> _WORK ITEM_:
Report each line of the records below that uses the word "cigarrillo".

------

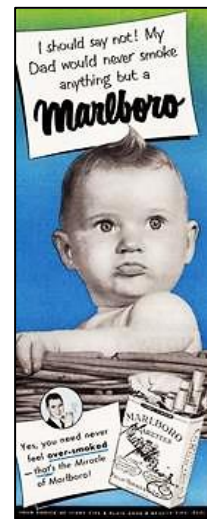
Quando el cigarrillo era recomendado por los médicos.

En la primera mitad del siglo ya circulaban algunos estudios sobre los efectos nocivos del cigarrillo, pero su existencia era desconocida por el público en general. Por el contrario, fumar era sinónimo de estatus, de elegancia y hasta recomendable para la salud. Consecuentemente, su consumo estaba socialmente aceptado y hasta se los consumía en los centros sanitarios. Varias imágenes de la época confirman ese hábito que hoy parece inverosímil: dos enfermeras que le ofrecían cigarrillos a un paciente internado; un aviso de 1947, en el que aparece un veterano de guerra convaleciente al que recompensan con un cartón de Chesterfield; o a Eugene O'Neill, Premio Nobel de Literatura, con un cigarrillo en la mano, mientras se reponía de una operación de apendicitis en 1937. En ese contexto, las empresas tabacaleras desplegaban toda su artillería publicitaria.
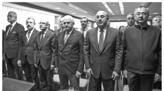
Başbakan Binali Yıldırım, "Bugün Amerika Birleşik Devletleri ile yaşamakta olduğumuz sorunlar geçicidir. Türkiye'nin dostluğu her zaman bütün müttefiklerimiz için önemli ve kıymetlidir. Cumhuriyetimizin kurucusu Gazi Mustafa Kemal Atatürk'ün prensibi yurtta sulh, cihanda sulhtur. Bu prensipten hareketle, bütün haksızlıklara karşı duruyor, bütün mazlumlara kucak açıyoruz, bölgesel ve küresel barış için insanlık adına büyük bedeller ödüyor, yerinden yurtdandan edilmiş milyonlarca insana evimizi açıyoruz, ekmeğimizi paylaşıyoruz. Bu bizi suçlayanlar yeryüzünde yaşanan acılar için bir kendilerinin ne yaptığına ne yapmadığına bakınlar, ondan sonra karar versinler." dedi

Yıldırım, "Küresel teröre karşı bütün ülkeler birbirinin hukukuna saygı göstermek zorundadır. Teröre karşı uluslararası alanda yalnız bırakılan Türkiye, terörden muzdarip bütün toplumların acısını en iyi şekilde anlamaktadır. Kısacası küresel gelişmeler
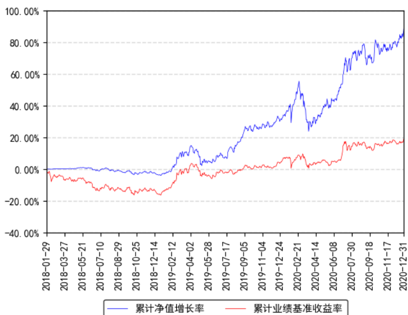
南方融尚再融资主题精选灵活配置混合累计净值增长率与同期业绩比较基准收益率的历史走势对比图
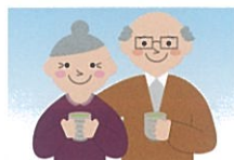
介護予防関連商品

「関西健康産業フェア」「関西美容産業フェア」は特定の販売ルートに かたよることの無い、健康・美容・介護予防関連商品の取扱事業者様な らどなたでも出展、展示即売していただけるオープンなビジネスフェアで す。毎年、多彩なジャンルの健康・美容関連商材が出展され、今回から は介護予防関連商品も加わり、さらに幅広い関連業界の方々、美と健 康、介護予防に関心の高い一般消費者までの来場が期待されます。
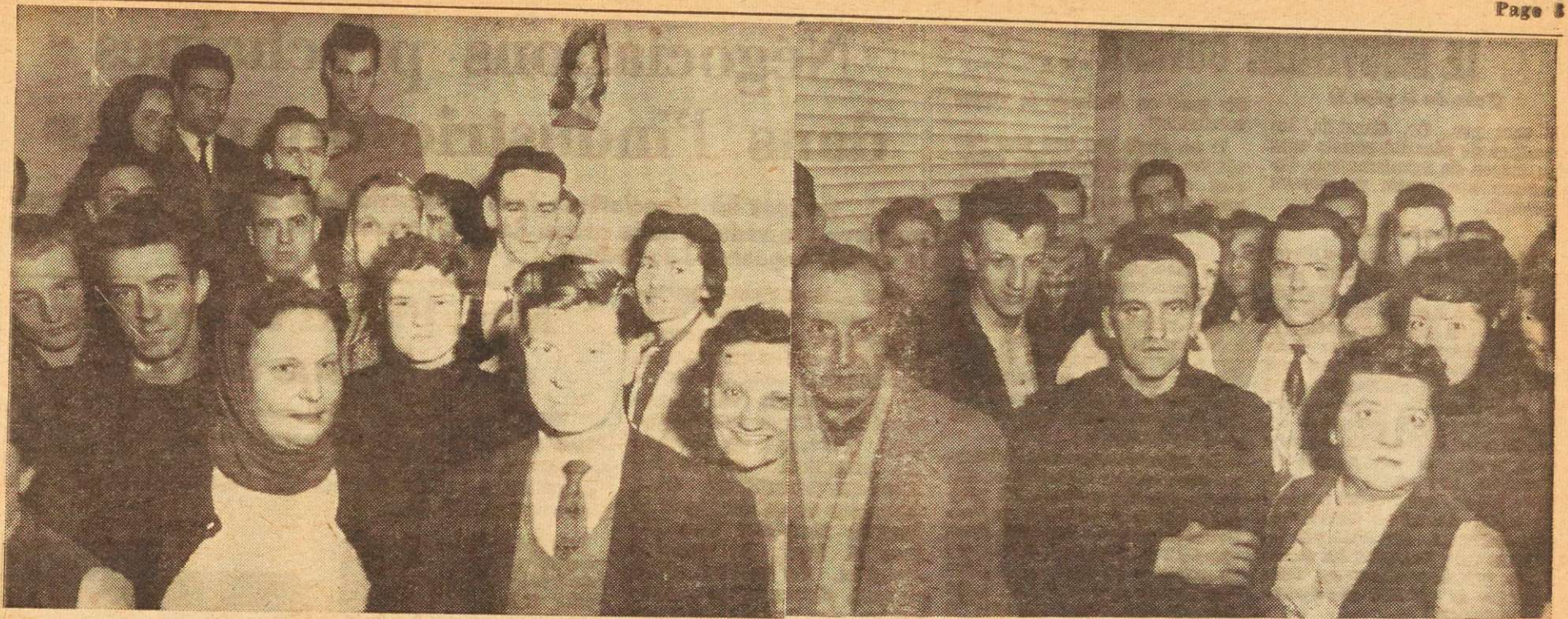
Photo prise la semaine dernière au moment où les grévistes de Rosita Hosiery de Montréal apprenaient que l'employeur se disait disposé à reconnaître leur syndicat. Le retour au travail ne se fera qu'après la signature d'une convention collective de travail.
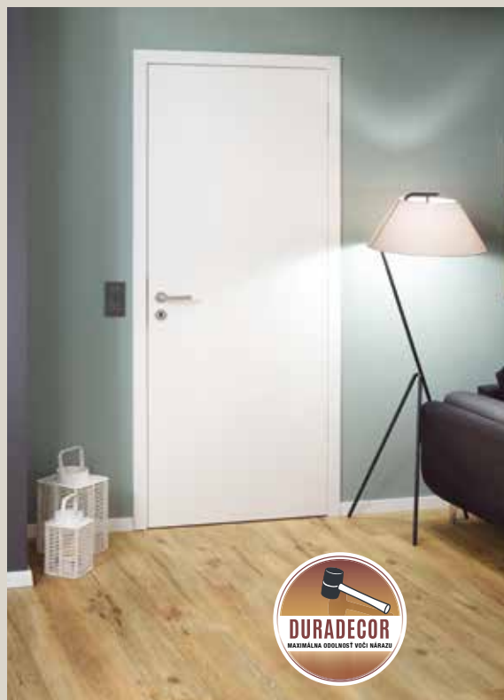
Obrázok: Interiérové dvere s bezfalcovým krídlom dverí, skryto umiestnenými závesmi a s povrchom Duradecor vo farbe RAL 9016 biely lak
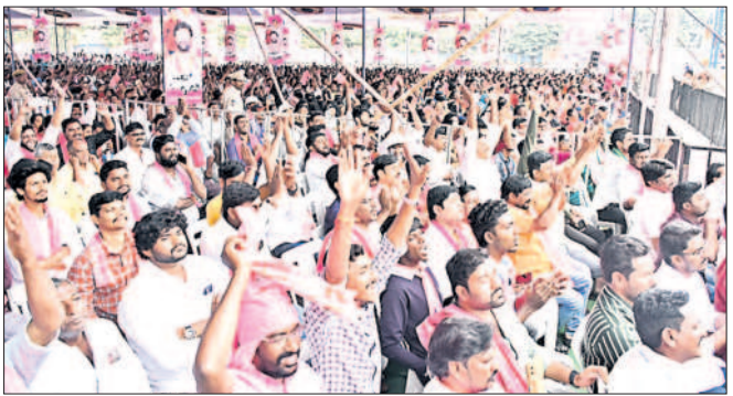
ప్రజా ఆశీర్వాద సభకు భారీగా హాజరైన ప్రజలు
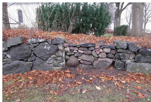
Igensatt öppning i norra muren, före och efter omläggning.
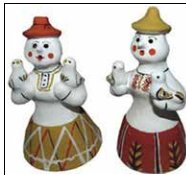
Иллюстрация 2. Каргопольская игрушка.

К особенностям техники карельских росписей относится сочетание работы кистью с обильным использованием «тычков» разных размеров. Она выполняется в свободной кистевой манере масляной краской, хотя более древняя роспись на этих же землях была геометрической. Берется достаточно широкая плоская кисть, на которую набирается краска двух цветов — с одного края основная, с другого — на оттенок светлее или белая. В процессе наложения
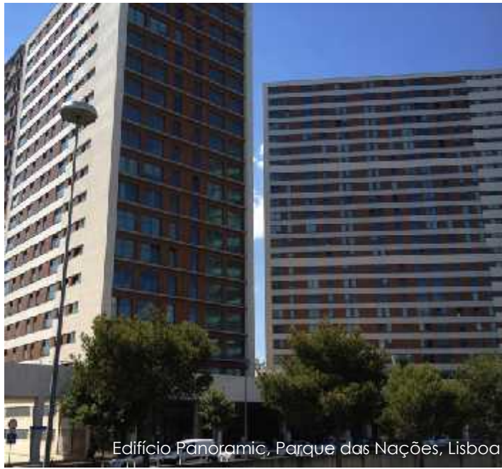
Edifício Panoramic, Parque das Nações, Lisboa
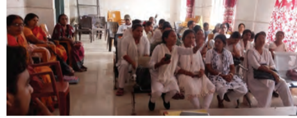
बैठक करते चिकित्सा प्रभारी, उपस्थित स्वास्थ्यकर्मियों
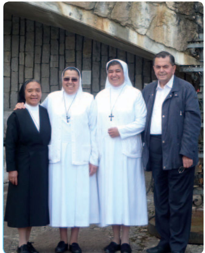
Suor Isabel con la Madre Vicaria, la Madre generale e don Sirio

------

> _TASK RESULT_:
Quando el cigarrillo era recomendado por los médicos.
En la primera mitad del siglo ya circulaban algunos estudios sobre los efectos nocivos del cigarrillo, pero su existencia era desconocida por el público en general. Por el contrario, fumar era sinónimo de estatus, de elegancia y hasta recomendable para la salud. Consecuentemente, su consumo estaba socialmente aceptado y hasta se los consumía en los centros sanitarios. Varias imágenes de la época confirman ese hábito que hoy parece inverosímil: dos enfermeras que le ofrecían cigarrillos a un paciente internado; un aviso de 1947, en el que aparece un veterano de guerra convaleciente al que recompensan con un cartón de Chesterfield; o a Eugene O'Neill, Premio Nobel de Literatura, con un cigarrillo en la mano, mientras se reponía de una operación de apendicitis en 1937. En ese contexto, las empresas tabacaleras desplegaban toda su artillería publicitaria.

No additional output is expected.